Bernard Irvine Nicholls (born June 24, 1961) is a Canadian former professional ice hockey centre, who played over 1000 games in the National Hockey League (NHL). His junior career was spent with the Kingston Canadians, where he established himself as a dynamic scorer and a multi-faceted talent. He was selected by the Los Angeles Kings in the fourth round of the 1980 NHL Entry Draft, 73rd overall. Over his 17-year playing career, Nicholls played 1,127 games for the Los Angeles Kings, New York Rangers, Edmonton Oilers, New Jersey Devils, Chicago Blackhawks and San Jose Sharks, scoring 1,209 points. He is one of only eight players in NHL history to score 70 goals in one season, and one of five to score 150 points. Nicholls was born in Haliburton, Ontario, but grew up in West Guilford, Ontario.

Professional career

Los Angeles Kings
After Nicholls was drafted, he played one more year of junior hockey before making his professional debut with the New Haven Nighthawks of the American Hockey League (AHL). He scored 41 goals in 55 games as a rookie, and was recalled to the Kings on February 18, 1982, to finish the season, where he had 32 points in 22 games. He was a contributor in the playoffs as the Kings upset the Edmonton Oilers to reach the second round. He also scored hat tricks in three straight home games in that rookie season. Nicholls would never again play in the minor leagues.

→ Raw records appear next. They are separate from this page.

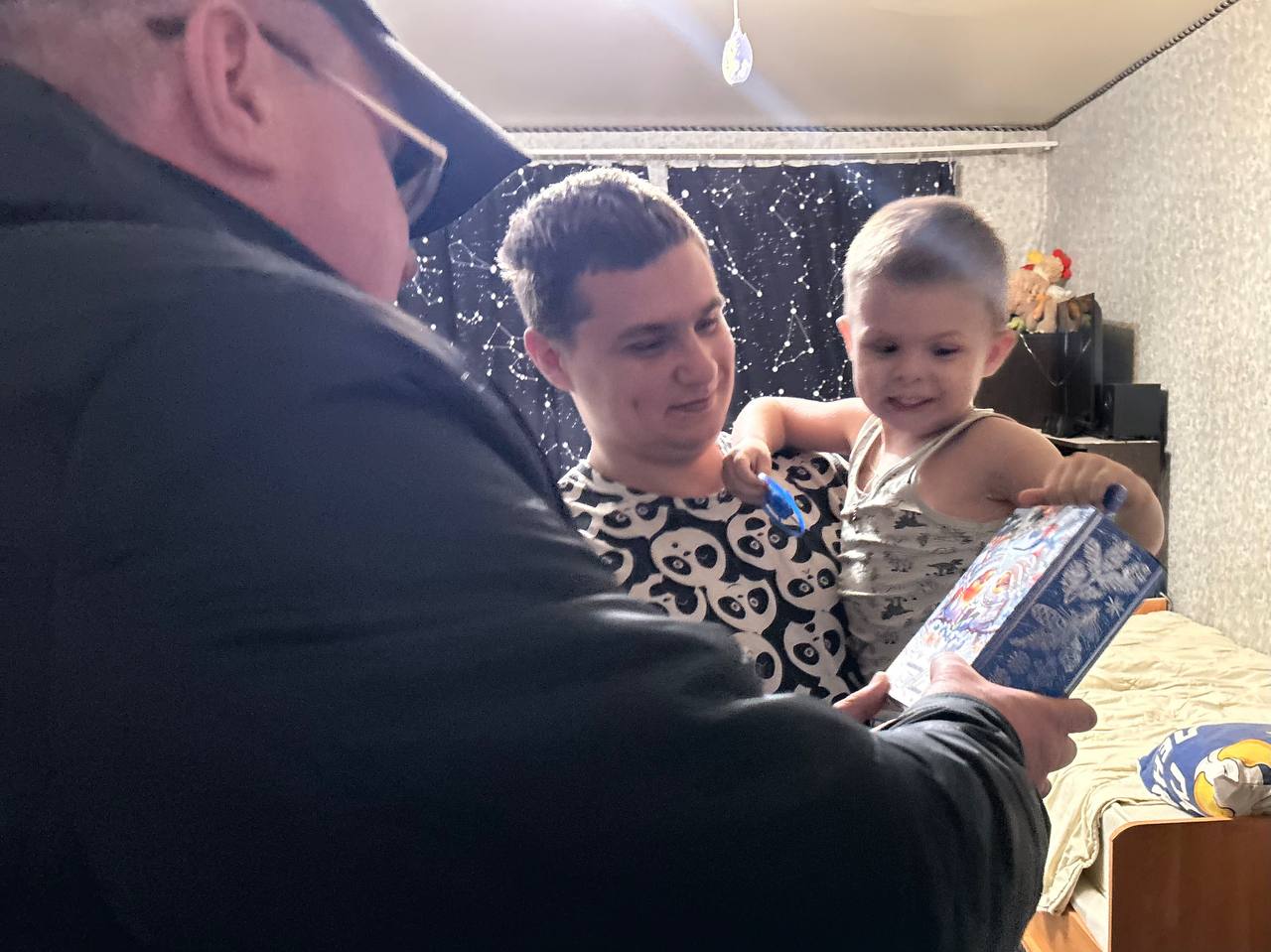Глава администрации Сеймского округа Олег Васильев и и. о. председателя комитета ЖКХ Алексей Шарапов навестили и поздравили с наступающим Новым годом близнецов Назара и Макара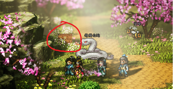 1.小伙伴们在来到游戏中的落英林的位置后,在入口的上面一点的位置后就能够看见呗树挡住的宝箱;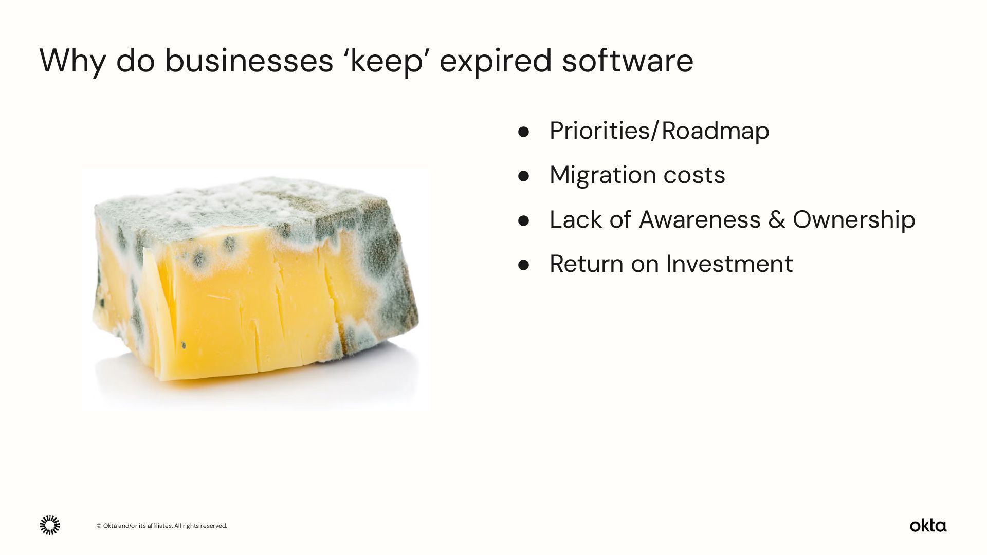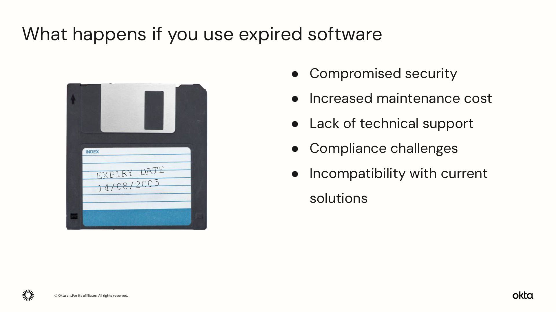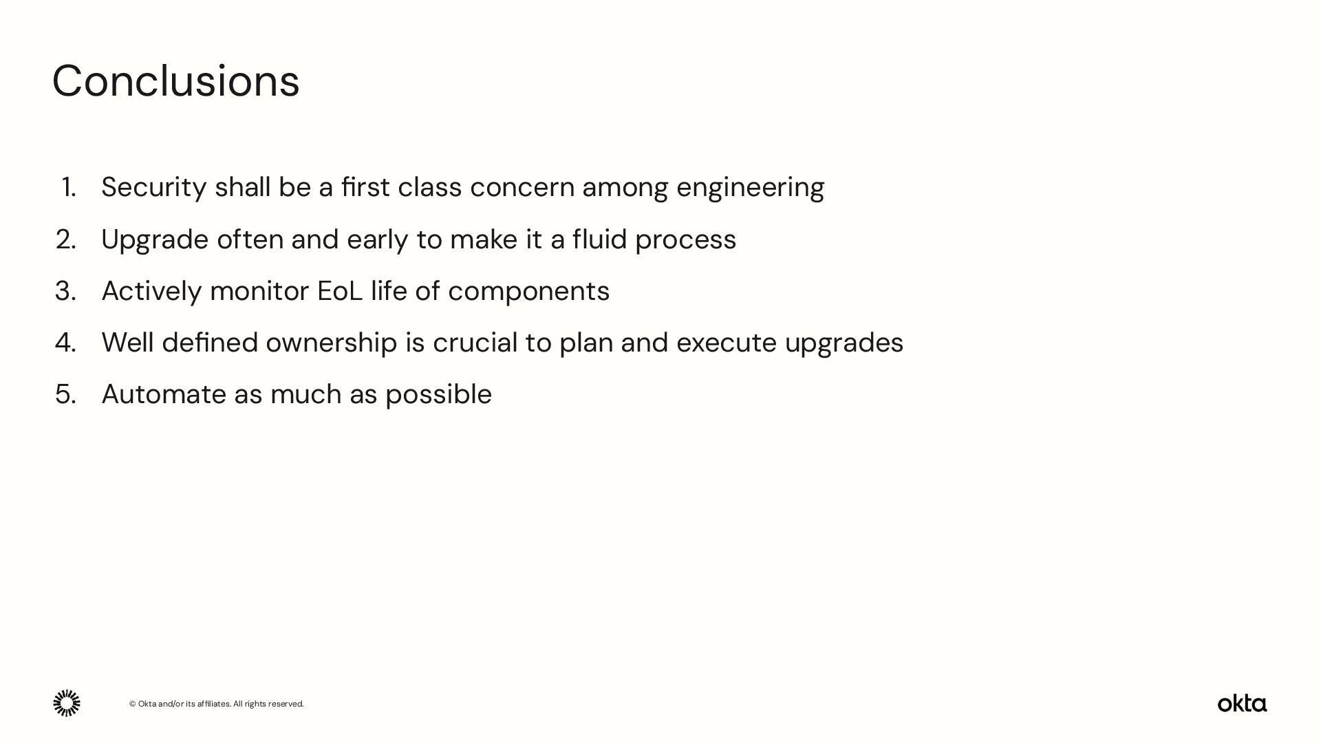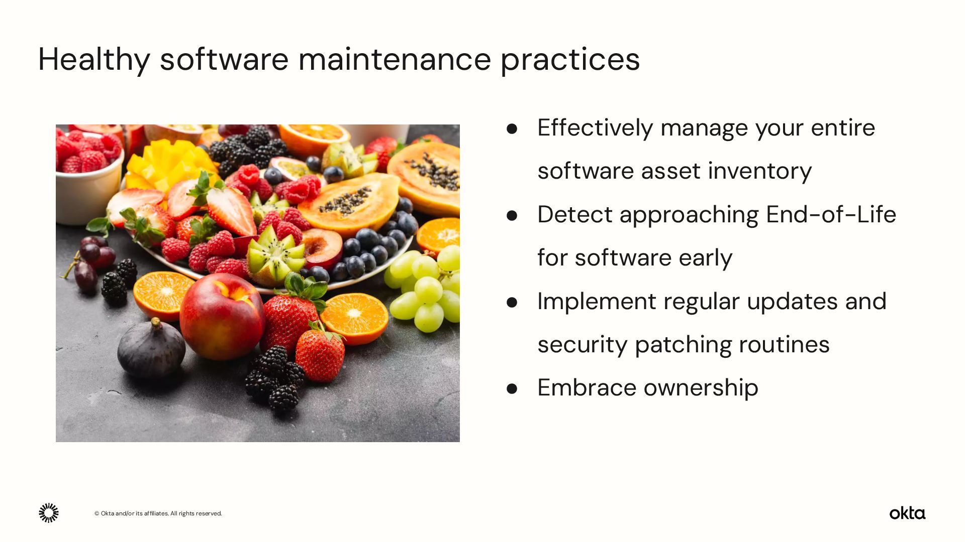 - Best practices for a healthy eating (Regular upgrades, patching, and a strong tech lifecycle strategy), specially those which work at Okta.

During his first full season in the NHL, Nicholls played behind Hall of Fame centre Marcel Dionne and posted 28 goals and 50 points in 71 games. The following year Nicholls led the team in scoring with 95 points and then hit 100 points in 1984–85. He continued to be a valuable offensive contributor over the two seasons and took over first-line centre duties when Dionne was traded in March 1987.

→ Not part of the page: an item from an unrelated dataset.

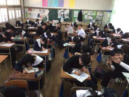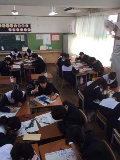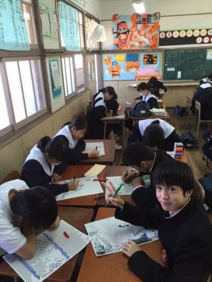 各クラスで1枚の巨大な写真を完成させます!1人、A3の紙に書かれた58×84のマス(合計4872マス!!!)を1つずつ丁寧に塗りつぶしていく作業。使う色は、黒・赤・青・緑・白の5色で、この5色だけで、様々な色が出せるんですよね〜〜。不思議です!!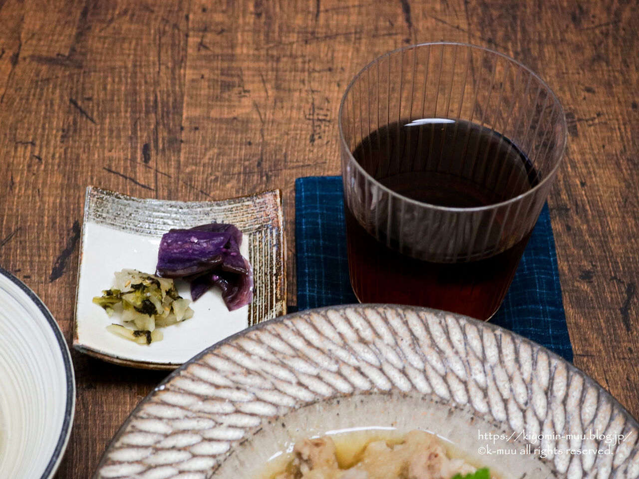 大好きなすぐき&しば漬けの漬物と、タマチャンショップの麦茶と共に。

Injuries that limited Nicholls to just 65 games in 1987–88, and the rise of young centre Jimmy Carson, saw Nicholls slip to third in team scoring but a trade that shook the entire NHL would change his fortunes. On August 9, 1988, the Edmonton Oilers and Los Angeles Kings completed a blockbuster trade that sent Wayne Gretzky to Los Angeles for a package including Carson to Edmonton. Slotting into the second-line centre job behind Gretzky set the stage for Nicholls' most productive season. He scored a team-record 70 goals and added 80 assists for a total of 150 points. The totals put Nicholls in rare company, and with 70 goals, he joined a group of just eight players to hit that plateau and his 150 points put him a group of just five players in league history to achieve that level of scoring.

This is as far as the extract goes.